(Source data)

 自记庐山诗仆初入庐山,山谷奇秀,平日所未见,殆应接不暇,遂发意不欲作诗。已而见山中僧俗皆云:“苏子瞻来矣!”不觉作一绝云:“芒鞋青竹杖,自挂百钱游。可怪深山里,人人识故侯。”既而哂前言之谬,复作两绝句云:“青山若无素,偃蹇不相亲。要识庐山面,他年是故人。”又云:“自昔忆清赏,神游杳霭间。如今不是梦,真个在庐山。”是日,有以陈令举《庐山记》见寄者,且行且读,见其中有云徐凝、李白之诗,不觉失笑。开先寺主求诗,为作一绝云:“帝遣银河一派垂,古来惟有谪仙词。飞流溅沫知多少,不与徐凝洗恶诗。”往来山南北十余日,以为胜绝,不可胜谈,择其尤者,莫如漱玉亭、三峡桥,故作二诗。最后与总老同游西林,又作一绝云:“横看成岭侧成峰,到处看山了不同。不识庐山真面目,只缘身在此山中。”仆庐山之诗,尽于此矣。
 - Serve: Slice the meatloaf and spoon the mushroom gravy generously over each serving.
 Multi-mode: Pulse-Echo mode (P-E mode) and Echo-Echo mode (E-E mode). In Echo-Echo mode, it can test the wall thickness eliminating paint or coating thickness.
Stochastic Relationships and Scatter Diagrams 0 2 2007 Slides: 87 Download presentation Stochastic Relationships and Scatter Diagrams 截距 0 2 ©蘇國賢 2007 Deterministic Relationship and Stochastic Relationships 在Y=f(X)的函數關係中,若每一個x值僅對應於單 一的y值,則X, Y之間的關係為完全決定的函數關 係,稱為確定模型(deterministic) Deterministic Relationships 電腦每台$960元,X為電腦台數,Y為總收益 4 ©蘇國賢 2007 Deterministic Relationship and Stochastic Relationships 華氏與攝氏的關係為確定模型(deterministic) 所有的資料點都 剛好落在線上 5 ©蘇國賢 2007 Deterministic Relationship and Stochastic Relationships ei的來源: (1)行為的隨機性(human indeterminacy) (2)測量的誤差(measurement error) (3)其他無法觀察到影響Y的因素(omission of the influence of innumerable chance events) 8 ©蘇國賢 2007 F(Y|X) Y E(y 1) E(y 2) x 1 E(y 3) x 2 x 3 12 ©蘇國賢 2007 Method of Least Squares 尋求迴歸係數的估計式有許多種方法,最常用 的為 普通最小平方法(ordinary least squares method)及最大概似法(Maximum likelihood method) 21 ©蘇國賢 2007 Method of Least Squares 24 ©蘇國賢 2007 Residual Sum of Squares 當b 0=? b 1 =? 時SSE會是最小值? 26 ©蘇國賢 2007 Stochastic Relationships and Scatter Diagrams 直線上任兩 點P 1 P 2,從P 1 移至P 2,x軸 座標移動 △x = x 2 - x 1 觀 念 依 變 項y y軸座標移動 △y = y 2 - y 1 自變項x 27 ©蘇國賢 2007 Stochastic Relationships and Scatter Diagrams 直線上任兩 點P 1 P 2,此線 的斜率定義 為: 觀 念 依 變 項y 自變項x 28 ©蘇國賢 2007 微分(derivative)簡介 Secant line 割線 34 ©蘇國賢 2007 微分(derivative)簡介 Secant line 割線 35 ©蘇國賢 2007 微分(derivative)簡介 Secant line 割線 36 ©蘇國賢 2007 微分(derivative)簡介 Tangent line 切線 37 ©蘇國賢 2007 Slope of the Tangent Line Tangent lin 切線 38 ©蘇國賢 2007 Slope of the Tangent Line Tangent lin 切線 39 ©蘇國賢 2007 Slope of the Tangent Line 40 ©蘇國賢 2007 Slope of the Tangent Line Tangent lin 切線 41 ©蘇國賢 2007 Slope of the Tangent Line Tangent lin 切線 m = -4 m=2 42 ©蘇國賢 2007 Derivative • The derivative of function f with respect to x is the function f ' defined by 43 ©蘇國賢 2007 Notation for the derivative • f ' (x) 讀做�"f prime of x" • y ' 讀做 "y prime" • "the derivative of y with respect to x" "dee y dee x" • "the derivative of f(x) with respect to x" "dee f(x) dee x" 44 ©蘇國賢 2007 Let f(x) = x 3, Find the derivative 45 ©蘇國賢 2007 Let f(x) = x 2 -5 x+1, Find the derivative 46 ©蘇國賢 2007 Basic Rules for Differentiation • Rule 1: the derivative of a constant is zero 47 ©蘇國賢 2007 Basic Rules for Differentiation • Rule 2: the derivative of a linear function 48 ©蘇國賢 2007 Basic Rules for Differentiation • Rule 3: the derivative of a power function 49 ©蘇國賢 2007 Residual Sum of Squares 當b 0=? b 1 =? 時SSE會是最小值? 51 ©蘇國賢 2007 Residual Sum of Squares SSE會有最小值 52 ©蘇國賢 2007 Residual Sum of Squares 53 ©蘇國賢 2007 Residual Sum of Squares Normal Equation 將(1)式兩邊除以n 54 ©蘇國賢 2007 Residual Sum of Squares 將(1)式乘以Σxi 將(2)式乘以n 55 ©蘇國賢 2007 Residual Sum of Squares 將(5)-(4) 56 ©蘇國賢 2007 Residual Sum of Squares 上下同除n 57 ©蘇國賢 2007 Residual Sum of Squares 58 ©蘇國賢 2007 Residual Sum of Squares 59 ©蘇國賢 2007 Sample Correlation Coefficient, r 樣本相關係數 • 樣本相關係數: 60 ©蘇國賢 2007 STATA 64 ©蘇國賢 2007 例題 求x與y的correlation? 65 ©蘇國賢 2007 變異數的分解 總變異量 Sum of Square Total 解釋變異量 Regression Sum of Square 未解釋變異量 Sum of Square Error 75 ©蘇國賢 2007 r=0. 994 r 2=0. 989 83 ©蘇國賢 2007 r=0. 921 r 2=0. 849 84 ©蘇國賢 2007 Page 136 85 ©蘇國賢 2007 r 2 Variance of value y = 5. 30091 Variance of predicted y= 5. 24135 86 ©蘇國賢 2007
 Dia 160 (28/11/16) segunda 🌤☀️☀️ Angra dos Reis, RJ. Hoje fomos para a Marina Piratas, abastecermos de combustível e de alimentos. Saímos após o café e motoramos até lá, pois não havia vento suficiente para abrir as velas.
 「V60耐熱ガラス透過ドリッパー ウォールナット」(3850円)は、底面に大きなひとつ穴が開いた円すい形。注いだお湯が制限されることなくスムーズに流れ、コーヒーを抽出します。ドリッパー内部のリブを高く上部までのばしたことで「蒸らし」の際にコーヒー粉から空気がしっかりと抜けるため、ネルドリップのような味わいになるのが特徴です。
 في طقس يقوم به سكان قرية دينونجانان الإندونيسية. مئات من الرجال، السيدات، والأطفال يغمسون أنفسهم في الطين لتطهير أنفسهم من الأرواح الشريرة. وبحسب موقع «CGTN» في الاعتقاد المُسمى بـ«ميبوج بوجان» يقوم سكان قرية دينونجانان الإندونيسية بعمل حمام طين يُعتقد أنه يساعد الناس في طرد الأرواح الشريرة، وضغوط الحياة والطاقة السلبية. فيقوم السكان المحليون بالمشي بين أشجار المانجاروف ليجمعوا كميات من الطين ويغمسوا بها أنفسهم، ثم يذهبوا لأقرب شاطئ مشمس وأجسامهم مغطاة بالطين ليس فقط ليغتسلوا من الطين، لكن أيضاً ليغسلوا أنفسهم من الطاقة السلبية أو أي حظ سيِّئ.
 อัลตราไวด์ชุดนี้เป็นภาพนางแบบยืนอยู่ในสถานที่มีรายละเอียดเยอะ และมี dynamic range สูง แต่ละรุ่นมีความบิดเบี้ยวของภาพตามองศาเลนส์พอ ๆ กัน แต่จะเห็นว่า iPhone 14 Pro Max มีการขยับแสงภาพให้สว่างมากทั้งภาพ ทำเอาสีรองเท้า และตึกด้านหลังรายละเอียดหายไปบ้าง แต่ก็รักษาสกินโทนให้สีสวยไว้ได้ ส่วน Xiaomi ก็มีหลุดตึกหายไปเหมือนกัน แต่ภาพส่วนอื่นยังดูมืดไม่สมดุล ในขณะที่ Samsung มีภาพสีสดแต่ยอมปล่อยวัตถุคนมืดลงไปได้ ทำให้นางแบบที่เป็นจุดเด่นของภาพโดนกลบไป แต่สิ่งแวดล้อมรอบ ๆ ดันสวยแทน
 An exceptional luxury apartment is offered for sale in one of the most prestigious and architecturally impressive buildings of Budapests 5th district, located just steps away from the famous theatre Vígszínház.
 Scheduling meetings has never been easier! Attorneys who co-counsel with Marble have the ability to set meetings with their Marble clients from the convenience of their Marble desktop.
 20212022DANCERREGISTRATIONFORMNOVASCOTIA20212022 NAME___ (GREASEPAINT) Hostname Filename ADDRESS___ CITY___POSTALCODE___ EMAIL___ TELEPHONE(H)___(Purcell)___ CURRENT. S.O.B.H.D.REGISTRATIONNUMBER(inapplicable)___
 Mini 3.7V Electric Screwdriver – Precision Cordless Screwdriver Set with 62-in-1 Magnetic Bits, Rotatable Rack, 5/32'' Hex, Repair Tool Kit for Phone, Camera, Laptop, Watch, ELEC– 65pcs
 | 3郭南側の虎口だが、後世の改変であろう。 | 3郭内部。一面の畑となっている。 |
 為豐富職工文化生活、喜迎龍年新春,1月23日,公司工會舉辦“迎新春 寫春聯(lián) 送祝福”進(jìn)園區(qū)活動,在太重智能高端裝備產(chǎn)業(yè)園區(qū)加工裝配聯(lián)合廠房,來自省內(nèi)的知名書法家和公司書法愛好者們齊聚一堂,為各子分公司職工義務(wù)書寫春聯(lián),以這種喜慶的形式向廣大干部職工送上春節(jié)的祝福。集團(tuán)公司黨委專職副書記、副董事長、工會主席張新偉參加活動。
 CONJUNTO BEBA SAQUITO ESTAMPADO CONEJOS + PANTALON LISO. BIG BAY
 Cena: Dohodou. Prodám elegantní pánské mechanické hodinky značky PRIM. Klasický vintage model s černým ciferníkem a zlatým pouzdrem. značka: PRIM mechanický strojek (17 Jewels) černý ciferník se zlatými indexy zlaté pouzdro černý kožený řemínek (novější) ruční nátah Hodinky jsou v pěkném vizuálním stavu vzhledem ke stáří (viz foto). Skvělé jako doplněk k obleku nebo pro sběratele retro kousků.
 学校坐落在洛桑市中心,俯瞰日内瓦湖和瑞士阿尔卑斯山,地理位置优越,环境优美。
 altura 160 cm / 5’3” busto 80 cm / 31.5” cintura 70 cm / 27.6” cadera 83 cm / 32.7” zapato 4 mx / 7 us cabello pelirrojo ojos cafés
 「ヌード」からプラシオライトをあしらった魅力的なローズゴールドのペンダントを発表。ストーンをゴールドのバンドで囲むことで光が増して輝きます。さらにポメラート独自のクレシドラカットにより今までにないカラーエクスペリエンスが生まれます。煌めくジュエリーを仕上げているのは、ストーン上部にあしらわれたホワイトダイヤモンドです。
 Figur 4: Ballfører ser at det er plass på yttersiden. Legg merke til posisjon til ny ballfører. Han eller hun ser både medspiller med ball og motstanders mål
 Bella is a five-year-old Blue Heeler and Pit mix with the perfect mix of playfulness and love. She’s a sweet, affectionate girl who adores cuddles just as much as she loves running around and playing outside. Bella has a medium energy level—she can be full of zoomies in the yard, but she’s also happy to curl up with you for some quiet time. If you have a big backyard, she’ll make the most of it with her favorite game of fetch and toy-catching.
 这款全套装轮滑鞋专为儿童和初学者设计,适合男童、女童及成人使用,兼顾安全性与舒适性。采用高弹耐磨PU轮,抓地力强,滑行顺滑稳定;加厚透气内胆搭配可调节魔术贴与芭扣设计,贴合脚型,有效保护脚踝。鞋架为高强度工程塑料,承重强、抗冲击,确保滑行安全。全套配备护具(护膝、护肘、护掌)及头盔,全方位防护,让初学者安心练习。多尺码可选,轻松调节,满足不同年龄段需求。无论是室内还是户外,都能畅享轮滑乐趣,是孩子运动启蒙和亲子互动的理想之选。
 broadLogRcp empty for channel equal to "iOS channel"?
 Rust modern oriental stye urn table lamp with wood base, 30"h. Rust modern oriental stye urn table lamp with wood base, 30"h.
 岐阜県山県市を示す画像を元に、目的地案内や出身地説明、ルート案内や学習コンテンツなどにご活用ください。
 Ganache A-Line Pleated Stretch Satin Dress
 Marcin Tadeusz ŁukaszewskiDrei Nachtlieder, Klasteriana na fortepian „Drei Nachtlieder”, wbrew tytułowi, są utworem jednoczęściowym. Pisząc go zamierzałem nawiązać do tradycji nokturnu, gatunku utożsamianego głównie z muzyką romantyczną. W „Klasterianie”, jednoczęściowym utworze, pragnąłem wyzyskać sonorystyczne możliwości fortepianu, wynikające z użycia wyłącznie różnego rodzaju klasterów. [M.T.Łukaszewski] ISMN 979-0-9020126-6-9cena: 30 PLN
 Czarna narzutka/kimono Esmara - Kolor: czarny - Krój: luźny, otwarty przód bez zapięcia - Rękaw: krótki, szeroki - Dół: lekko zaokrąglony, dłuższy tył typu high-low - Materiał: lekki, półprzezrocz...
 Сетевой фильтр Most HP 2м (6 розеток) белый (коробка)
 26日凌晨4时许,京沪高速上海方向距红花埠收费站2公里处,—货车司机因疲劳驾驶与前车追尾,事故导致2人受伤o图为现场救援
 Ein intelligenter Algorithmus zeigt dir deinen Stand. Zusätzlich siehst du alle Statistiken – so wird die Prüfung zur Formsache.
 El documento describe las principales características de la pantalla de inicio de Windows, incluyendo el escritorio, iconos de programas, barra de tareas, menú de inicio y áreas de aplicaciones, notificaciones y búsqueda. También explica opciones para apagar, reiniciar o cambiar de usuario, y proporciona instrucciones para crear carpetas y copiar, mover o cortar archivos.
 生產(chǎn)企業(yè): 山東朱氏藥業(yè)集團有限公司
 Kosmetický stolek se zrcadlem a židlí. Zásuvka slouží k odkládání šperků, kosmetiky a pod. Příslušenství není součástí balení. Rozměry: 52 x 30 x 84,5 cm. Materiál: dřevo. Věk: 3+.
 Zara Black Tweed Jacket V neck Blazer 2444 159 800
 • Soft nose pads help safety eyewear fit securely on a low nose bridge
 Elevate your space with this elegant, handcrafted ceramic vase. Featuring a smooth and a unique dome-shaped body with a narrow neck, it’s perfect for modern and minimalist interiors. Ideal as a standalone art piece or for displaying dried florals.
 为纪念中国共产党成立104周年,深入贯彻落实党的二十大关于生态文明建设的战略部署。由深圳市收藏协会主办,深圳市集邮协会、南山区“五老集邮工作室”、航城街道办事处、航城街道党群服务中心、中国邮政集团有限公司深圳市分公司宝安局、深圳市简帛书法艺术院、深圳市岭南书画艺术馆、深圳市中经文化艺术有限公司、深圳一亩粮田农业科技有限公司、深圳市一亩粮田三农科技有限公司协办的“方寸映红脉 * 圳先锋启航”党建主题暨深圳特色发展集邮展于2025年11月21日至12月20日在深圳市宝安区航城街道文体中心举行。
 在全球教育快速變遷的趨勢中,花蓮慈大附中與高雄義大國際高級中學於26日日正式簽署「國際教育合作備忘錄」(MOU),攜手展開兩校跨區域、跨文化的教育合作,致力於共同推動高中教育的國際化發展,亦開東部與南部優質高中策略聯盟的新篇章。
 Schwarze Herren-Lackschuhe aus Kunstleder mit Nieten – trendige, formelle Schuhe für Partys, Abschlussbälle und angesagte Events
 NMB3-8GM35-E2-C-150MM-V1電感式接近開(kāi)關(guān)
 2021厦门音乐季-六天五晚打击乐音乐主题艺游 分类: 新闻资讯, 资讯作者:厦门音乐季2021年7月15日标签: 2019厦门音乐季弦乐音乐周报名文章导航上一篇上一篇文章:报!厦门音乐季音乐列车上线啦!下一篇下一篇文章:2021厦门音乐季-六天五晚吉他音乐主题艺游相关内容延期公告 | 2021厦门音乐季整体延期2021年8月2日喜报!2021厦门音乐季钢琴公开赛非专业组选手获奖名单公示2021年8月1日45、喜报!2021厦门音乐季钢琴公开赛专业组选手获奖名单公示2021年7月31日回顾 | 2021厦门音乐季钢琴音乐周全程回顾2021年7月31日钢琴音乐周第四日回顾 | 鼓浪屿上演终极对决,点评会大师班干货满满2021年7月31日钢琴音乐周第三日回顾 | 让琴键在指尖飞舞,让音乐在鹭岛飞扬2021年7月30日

**WORK TASK**:
Of all the entries above, output exactly the lines between the one holding "- Serve: Slice" and the one holding "Multi-mode: Pulse-Echo mode", inclusive.

**EXERCISE RESULT**:
 - Serve: Slice the meatloaf and spoon the mushroom gravy generously over each serving.
 Multi-mode: Pulse-Echo mode (P-E mode) and Echo-Echo mode (E-E mode). In Echo-Echo mode, it can test the wall thickness eliminating paint or coating thickness.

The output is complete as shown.